The researchers called her condition “hyperthymestic syndrome,” or “hyperthymesia,” which essentially means superior autobiographical memory: “thymesia” means memory in Greek.
Some studies indicate that the prefrontal cortex, an area of the brain associated with executive function and decision making, is active when subjects are trying to suppress information. Not surprisingly, Price performed poorly on tests of these functions. A New Scientist article (available in PDF format) reviewing the Neurocase study speculates that “[Price] may be better at storing memories than most while also being worse at blocking their retrieval.”
Price was the first person to call attention to the condition. McGaugh and his colleagues are currently studying two other hyperthymestic subjects: Brad Williams, 52, a radio host, and BR, who chooses to remain anonymous.
McGaugh described the commonalities among the three subjects being tested. Two of the three are left-handed. All are packrats. Future research for all three subjects will include MRIs to examine brain structure and functional MRIs to study brain activity while subjects access memories.  Up to 50 other individuals may be hyperthymestic.
Brad Williams spoke to researchers after he read about the Neurocase study. Williams is a radio anchor in LaCrosse, Wisconsin. His brother is producing a documentary on his condition called “Unforgettable.”
“Jeopardy!” champion Ken Jennings competed with Brad Williams in a trivia quiz and reports that Williams “wiped the floor with me.” Jennings believes his memory and Williams’s are different creatures, and wonders what having William’s condition would be like: “Would you be more or less alert to the world around you? Would you be more inclined to learn from past mistakes and avoid repeating them? As near as I can tell, Brad is completely unmarked by his remarkable gift.”

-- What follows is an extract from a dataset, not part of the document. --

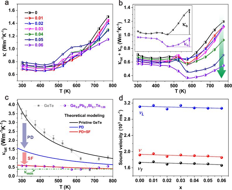 ▲第一作者:李培根,丁騰;通訊作者:張朝華 通訊單位:深圳大學論文DOI: https://doi.org/10.1002/adfm.201910059 全文速覽為了研究 Ge 空位對 GeTe 基合金的熱電輸運調控機理,我們通過 Pb-Bi 共同摻雜首先將 GeTe 的空穴濃度降低至最佳范圍,然后添加過量的 Te 來增加 Ge 空位,以研究 Ge 空位對熱電性能的調控機制。發現 GeTe 基合金中的 Ge 空位能促進能帶簡并、抑制雙極性輸運、降低晶格熱導率,在載流子濃度優化情況下對 GeTe 基合金熱電性能的提高產生積極影響。具體如下全文概括圖。 背景介紹熱電材料是一種實現熱能和電能相互轉換的功能材料,在環境污染和能源危機日益嚴重的今天,熱電材料的研究受到廣泛關注。一直以來,對熱電輸運調控機制的深入理解是提升熱電材料性能的必要前提。GeTe 是一種很有前途的中溫熱電材料,其優異的熱電性能引起了人們的極大興趣。 由于 Ge 空位的形成能低,導致純 GeTe 的載流子濃度高達 1021 cm-3,不利于提升 ZT 值。眾多研究者通過摻雜或合金化的方法來降低載流子濃度,并結合能帶工程和聲子工程的協同效應,得到了許多高熱電性能的 GeTe 基合金。因此,許多研究者認為 Ge 空位對提高 GeTe 基合金的 ZT 值具有負面影響,提出了各種抑制 Ge 空位的方法。但是 Ge 空位是否真的只產生消極作用呢?針對這個問題我們進行了更加細致的研究,發現事實并非如此。 研究出發點已有研究表明,Pb、Sb、Bi 等元素摻入 GeTe 能有效降低 Ge 空穴濃度,被廣泛應用于優化載流子濃度和降低晶格熱導率,以提高 GeTe 基合金的 ZT 值。因此我們選取了 Pb-Bi 二元素共同摻入 GeTe,把載流子濃度降到最佳范圍,在此基礎上,我們添加過量的 Te 來增加 Ge 空位,通過第一性原理計算、理論建模和實驗測試,發現當空穴載流子濃度降到最佳范圍時,Ge 空穴可以促進能帶簡并,從而獲得更高的電性能。此外,雙極性輸運通常在高溫區會激發,不利于實現高 ZT 值;然而,我們發現 Ge 空位可以增加帶隙,并使得 GeTe 由直接帶隙向間接帶隙轉變,這有利于抑制 GeTe 基合金中的雙極性輸運,從而在獲得高的電性能的同時能降低雙極性熱導率。這種 Ge 空位調控 GeTe 基合金熱電性能的機制是本文最大的亮點。 圖文解析A. Ge 空位促進能帶簡并通過實驗我們發現,隨著 Te 含量的增加,功率因子 PF 逐漸上升,在 300-773K 過量 Te(x=0.06)的平均功率因子相比于沒有過量 Te 的樣品提升了近一倍,這歸因于 Ge 空位促進了能帶簡并。為了更好地理解 Ge 空位對電性能的影響,我們進行了雙帶模型和三帶模型的理論模擬,如圖一所示,Ge 空位的增加使載流子濃度升高,但是遷移率卻變化不大,這有利于電性能的提升。同時我們進行了第一性原理計算,來驗證 Ge 空位促進能帶簡并的猜想。結合實驗數據和理論計算模擬發現,Ge 空位的增加確實對能帶收斂有積極作用。 ▲圖一:(a)塞貝克系數隨載流子濃度的變化圖;(b)載流子濃度和遷移率隨成分變化圖;(c)用三帶模型擬合的成分為 x=0 和 0.06 的塞貝克系數隨溫度的變化關系;(d)能帶結構隨 Ge 空位增加的結構變化示意圖。 B. Ge 空位對雙極性熱導和晶格熱導率的抑制通過第一性原理計算我們發現,Ge 空位引起了帶隙擴大,并且由直接帶隙向間接帶隙轉變,這對于抑制雙極性輸運和晶格熱導率具有重要意義,我們對樣品的熱性能進行了實驗分析,也恰恰印證了這一觀點。如圖二所示,晶格熱導率隨 Ge 空位的增加有減小的趨勢,特別是在高溫范圍內,由雙極性輸運引起的熱導率的增加效應逐漸減弱,說明能帶結構的變化確實對雙極性熱導率的抑制產生了積極作用;同時我們也對聲速也進行了分析,發現 Ge 空位濃度的增加導致的聲速降低也是晶格熱導率降低的一個原因。另外,我們基于晶格熱導率的理論模擬,也證明了 Ge 空位引發的堆垛層錯也極大的降低了晶格熱導率。 ▲圖二:(a)總熱導率隨溫度的變化圖;(b)晶格熱導率和雙極性熱導率隨溫度變化圖;(c)考慮點缺陷和堆垛層錯時晶格熱導率隨溫度變化關系;(d) 聲子速度隨成分的變化關系圖。 總結與展望研究發現,雖然 Ge 空位可以提高 GeTe 基合金的空穴載流子濃度,但通過 Pb 和 Bi 合金化可以消除高空穴濃度的負面影響。Ge 空穴可以促進能帶簡并、抑制雙極性輸運、Ge 空位引發的二維缺陷-層錯也有助于降低晶格熱導率,結合這些協同效應,GeTe 基合金的熱電性能得到較大提升。本工作加深了對 Ge 空位作用機理的理解,同時為其它熱電材料通過空位缺陷來提升性能也具有借鑒意義。 心得與體會在研究熱電材料的道路上,我們也走了很多彎路,導師建議我們要以發散的思維去看待問題,不能受到前人思想的禁錮,以辯證的眼光去看待實驗中的對與錯,你會有不一樣的發現和收獲。通過大量的文獻查閱,發現前人的工作普遍認為 Ge 空位對熱電性能是產生消極影響的,而我們站在對立面看問題,深入研究了 Ge 空位的作用機理及可能存在的積極效應。通過實驗測試、第一性原理計算和理論模擬的多方面角度來理解其本質原因,對 GeTe 材料中的 Ge 空位有了新的認識。我們的研究或許存在著一些不足,但是我們會不斷完善自己的認知,拓寬研究思維和渠道,不斷前進。 課題組介紹深圳大學材料學院新能源材料課題組研究主要集中在新型高性能熱電材料及器件的探索、制備、性能改善、二維材料、熱力學及第一原理計算等方面,形成了自己

McGaugh’s colleague, Larry Cahill, is also focused on the prevention and treatment of PTSD and believes studying hyperthymesia will “provide new insight into the how brains store memories.”
Recent studies have highlighted the benefits of brain games and physical exercises for improving memory naturally. Scientists already knew that exercise increases BDNF, a chemical that helps develop new synapses and reinforces old connections; recently, Newsweek reported on a study at Columbia University that indicated that exercise actually generates entirely new neurons in the hippocampus, a region associated with creating memories.
The blog Yes, ICantSeeYou reports on a University of California Irvine lecture in which Larry Cahill held a human brain before an audience, pointed to the hippocampus and said, “The memory must go through there in order to stick.” However, hyperthymesia case studies haven’t found anything special in the hippocampus of those subjects. Cahill explains, “My hope is that a sign may well point somewhere else entirely.”